_Data shown_.
======

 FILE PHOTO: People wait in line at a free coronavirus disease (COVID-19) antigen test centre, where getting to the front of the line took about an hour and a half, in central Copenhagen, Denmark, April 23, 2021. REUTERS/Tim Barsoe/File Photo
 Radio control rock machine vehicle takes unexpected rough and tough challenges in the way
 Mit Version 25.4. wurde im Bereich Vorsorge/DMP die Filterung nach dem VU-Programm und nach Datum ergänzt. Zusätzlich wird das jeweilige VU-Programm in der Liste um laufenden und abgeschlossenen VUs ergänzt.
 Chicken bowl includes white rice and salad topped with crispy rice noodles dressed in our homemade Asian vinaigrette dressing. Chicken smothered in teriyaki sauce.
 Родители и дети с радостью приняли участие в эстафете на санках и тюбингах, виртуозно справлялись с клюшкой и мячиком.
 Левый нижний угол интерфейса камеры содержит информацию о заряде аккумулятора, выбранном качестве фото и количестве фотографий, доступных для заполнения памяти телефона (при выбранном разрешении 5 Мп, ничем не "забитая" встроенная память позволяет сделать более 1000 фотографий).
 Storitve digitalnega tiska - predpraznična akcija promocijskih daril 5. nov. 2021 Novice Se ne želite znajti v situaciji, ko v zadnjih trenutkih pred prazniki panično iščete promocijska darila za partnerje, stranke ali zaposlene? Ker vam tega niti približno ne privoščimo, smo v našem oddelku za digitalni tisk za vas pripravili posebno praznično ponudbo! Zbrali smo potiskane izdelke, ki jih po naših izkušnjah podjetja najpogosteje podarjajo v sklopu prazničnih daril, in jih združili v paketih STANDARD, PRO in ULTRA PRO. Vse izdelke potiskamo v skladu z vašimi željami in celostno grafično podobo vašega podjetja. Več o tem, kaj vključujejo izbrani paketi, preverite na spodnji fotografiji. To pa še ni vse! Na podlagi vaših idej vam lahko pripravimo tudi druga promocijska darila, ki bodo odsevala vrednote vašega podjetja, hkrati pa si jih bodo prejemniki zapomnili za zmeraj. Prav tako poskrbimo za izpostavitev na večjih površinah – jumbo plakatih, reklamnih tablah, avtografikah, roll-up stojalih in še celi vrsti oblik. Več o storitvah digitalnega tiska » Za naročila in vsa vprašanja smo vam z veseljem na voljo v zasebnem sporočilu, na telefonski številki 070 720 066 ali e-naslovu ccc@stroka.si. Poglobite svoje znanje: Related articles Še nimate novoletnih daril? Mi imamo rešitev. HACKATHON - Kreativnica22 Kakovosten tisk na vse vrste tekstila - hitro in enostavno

======

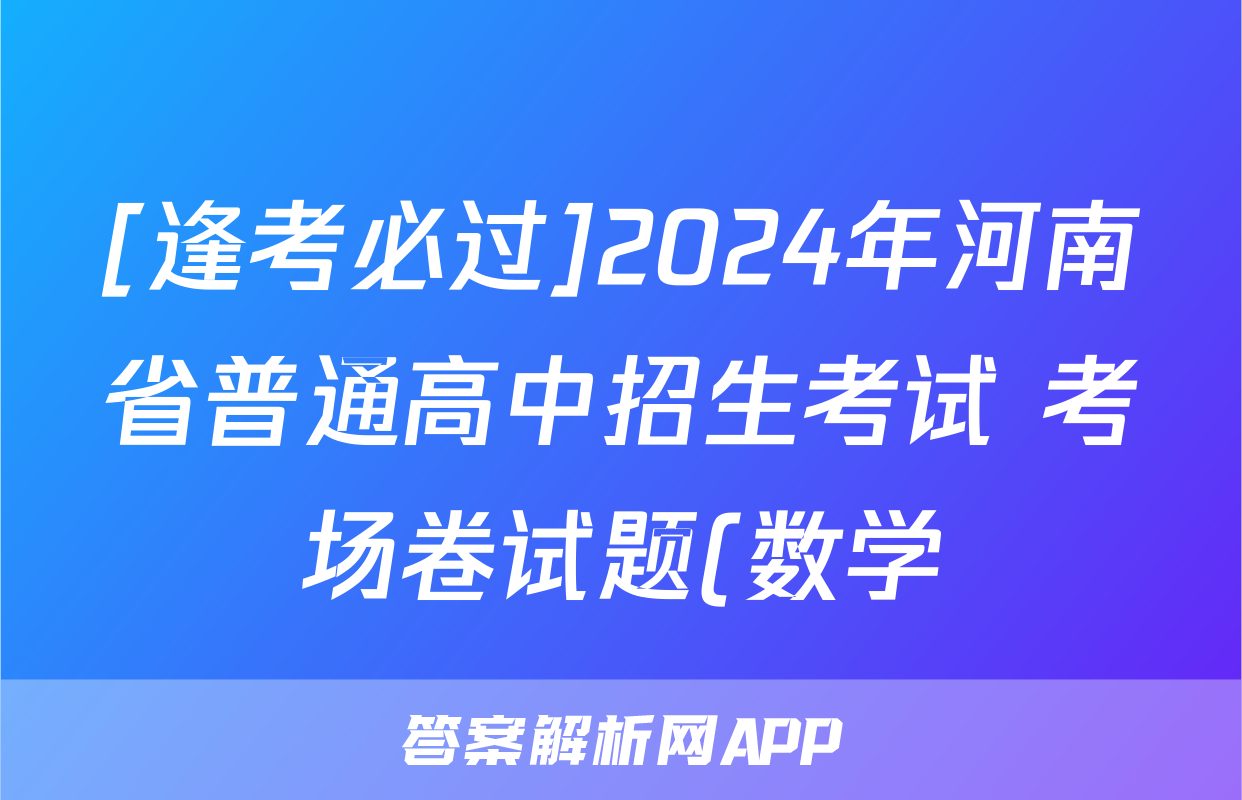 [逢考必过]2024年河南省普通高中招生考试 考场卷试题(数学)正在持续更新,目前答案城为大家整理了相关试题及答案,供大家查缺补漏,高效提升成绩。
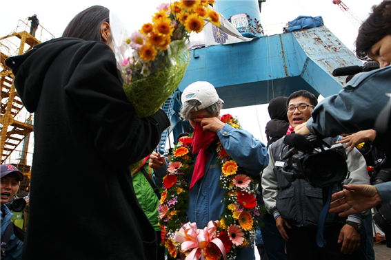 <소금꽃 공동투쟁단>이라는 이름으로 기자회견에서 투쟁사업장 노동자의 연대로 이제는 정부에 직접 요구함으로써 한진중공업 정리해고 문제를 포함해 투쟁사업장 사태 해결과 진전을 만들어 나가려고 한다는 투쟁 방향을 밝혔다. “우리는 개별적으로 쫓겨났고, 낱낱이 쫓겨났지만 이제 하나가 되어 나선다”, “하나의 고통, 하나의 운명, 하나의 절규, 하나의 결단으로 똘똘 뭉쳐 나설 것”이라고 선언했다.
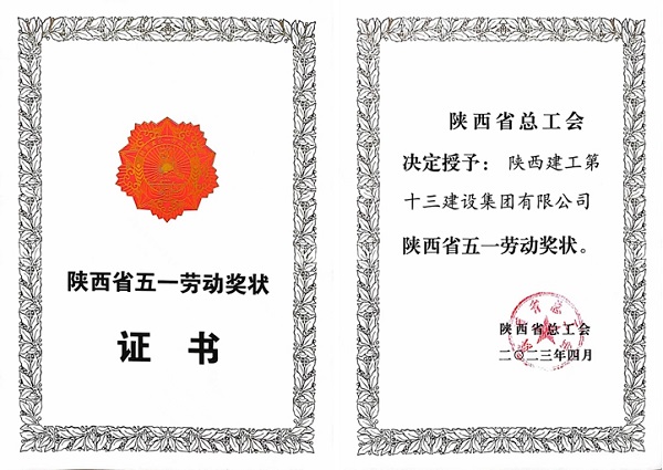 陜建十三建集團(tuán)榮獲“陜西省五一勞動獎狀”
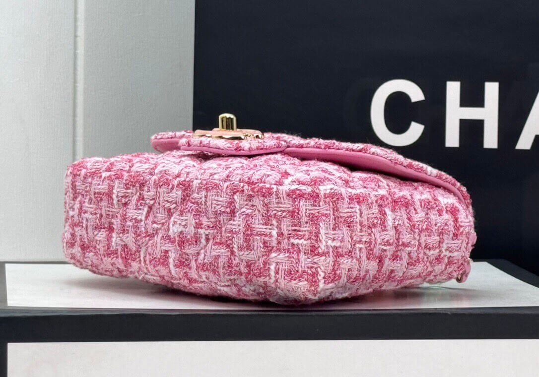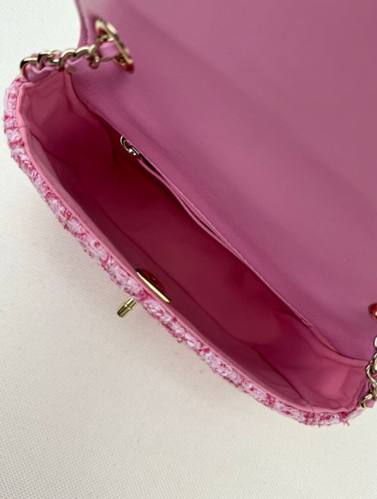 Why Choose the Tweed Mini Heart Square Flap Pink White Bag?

======

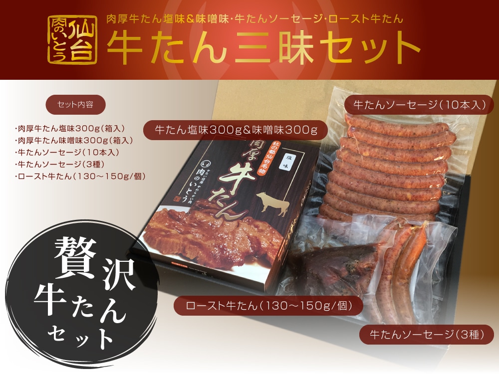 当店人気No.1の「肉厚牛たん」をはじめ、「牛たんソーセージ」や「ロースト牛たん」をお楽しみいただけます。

======

_Aim of the exercise_.
Go to the line in the material above that contains "Radio control rock" and copy exactly from there through the line that contains "Родители и дети", stopping after it.

_Answer to this problem_.
 Radio control rock machine vehicle takes unexpected rough and tough challenges in the way
 Mit Version 25.4. wurde im Bereich Vorsorge/DMP die Filterung nach dem VU-Programm und nach Datum ergänzt. Zusätzlich wird das jeweilige VU-Programm in der Liste um laufenden und abgeschlossenen VUs ergänzt.
 Chicken bowl includes white rice and salad topped with crispy rice noodles dressed in our homemade Asian vinaigrette dressing. Chicken smothered in teriyaki sauce.
 Родители и дети с радостью приняли участие в эстафете на санках и тюбингах, виртуозно справлялись с клюшкой и мячиком.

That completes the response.